_Task instructions:_ Using the records below, quote only the span that opens with the line containing "Na podlagi 31." and closes with the line containing "전국민 재난지원금으로 시행", exactly and inclusively.

_Data listing:_
........

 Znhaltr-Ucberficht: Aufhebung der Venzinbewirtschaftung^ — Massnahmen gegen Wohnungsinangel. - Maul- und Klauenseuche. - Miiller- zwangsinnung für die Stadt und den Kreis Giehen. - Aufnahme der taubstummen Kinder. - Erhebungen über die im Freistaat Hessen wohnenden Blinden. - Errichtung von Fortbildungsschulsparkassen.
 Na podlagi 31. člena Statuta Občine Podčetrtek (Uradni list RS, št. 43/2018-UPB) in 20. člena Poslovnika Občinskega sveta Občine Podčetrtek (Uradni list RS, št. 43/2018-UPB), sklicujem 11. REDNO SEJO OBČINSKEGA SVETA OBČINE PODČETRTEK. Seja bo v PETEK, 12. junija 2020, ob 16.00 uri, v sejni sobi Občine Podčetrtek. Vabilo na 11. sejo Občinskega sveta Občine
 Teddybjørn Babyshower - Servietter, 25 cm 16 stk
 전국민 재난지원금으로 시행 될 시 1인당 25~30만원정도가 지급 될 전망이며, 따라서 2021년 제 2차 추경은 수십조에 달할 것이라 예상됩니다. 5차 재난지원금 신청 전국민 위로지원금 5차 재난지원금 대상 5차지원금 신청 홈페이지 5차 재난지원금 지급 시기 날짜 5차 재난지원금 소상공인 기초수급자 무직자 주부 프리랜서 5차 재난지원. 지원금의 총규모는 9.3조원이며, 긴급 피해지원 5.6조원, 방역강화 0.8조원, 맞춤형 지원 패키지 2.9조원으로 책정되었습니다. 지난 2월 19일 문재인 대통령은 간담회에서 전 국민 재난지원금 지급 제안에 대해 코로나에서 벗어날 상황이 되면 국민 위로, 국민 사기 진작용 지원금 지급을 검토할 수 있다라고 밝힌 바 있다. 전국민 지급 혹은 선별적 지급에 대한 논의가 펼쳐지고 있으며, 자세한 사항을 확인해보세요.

........

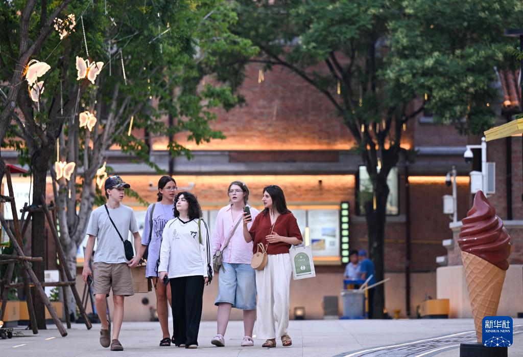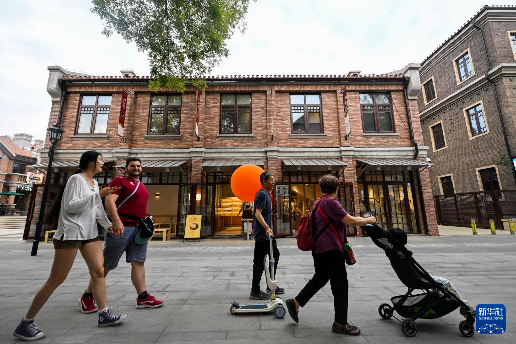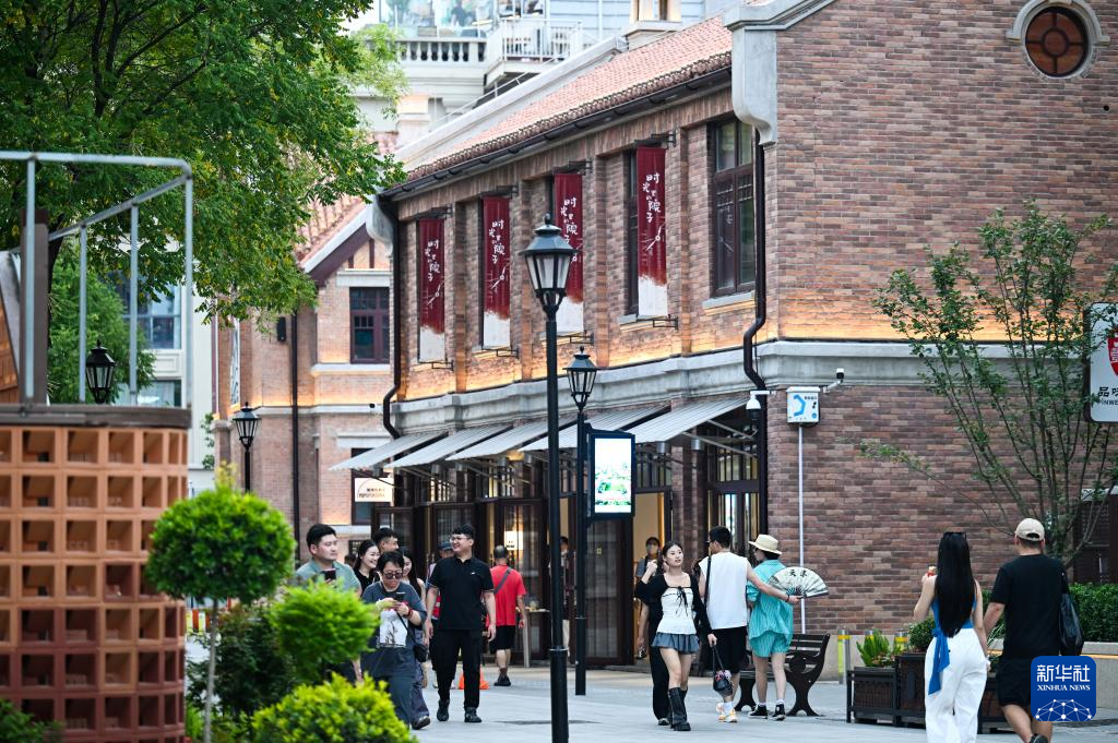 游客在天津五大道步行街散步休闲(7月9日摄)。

........

_Answer to this problem:_
 Na podlagi 31. člena Statuta Občine Podčetrtek (Uradni list RS, št. 43/2018-UPB) in 20. člena Poslovnika Občinskega sveta Občine Podčetrtek (Uradni list RS, št. 43/2018-UPB), sklicujem 11. REDNO SEJO OBČINSKEGA SVETA OBČINE PODČETRTEK. Seja bo v PETEK, 12. junija 2020, ob 16.00 uri, v sejni sobi Občine Podčetrtek. Vabilo na 11. sejo Občinskega sveta Občine
 Teddybjørn Babyshower - Servietter, 25 cm 16 stk
 전국민 재난지원금으로 시행 될 시 1인당 25~30만원정도가 지급 될 전망이며, 따라서 2021년 제 2차 추경은 수십조에 달할 것이라 예상됩니다. 5차 재난지원금 신청 전국민 위로지원금 5차 재난지원금 대상 5차지원금 신청 홈페이지 5차 재난지원금 지급 시기 날짜 5차 재난지원금 소상공인 기초수급자 무직자 주부 프리랜서 5차 재난지원. 지원금의 총규모는 9.3조원이며, 긴급 피해지원 5.6조원, 방역강화 0.8조원, 맞춤형 지원 패키지 2.9조원으로 책정되었습니다. 지난 2월 19일 문재인 대통령은 간담회에서 전 국민 재난지원금 지급 제안에 대해 코로나에서 벗어날 상황이 되면 국민 위로, 국민 사기 진작용 지원금 지급을 검토할 수 있다라고 밝힌 바 있다. 전국민 지급 혹은 선별적 지급에 대한 논의가 펼쳐지고 있으며, 자세한 사항을 확인해보세요.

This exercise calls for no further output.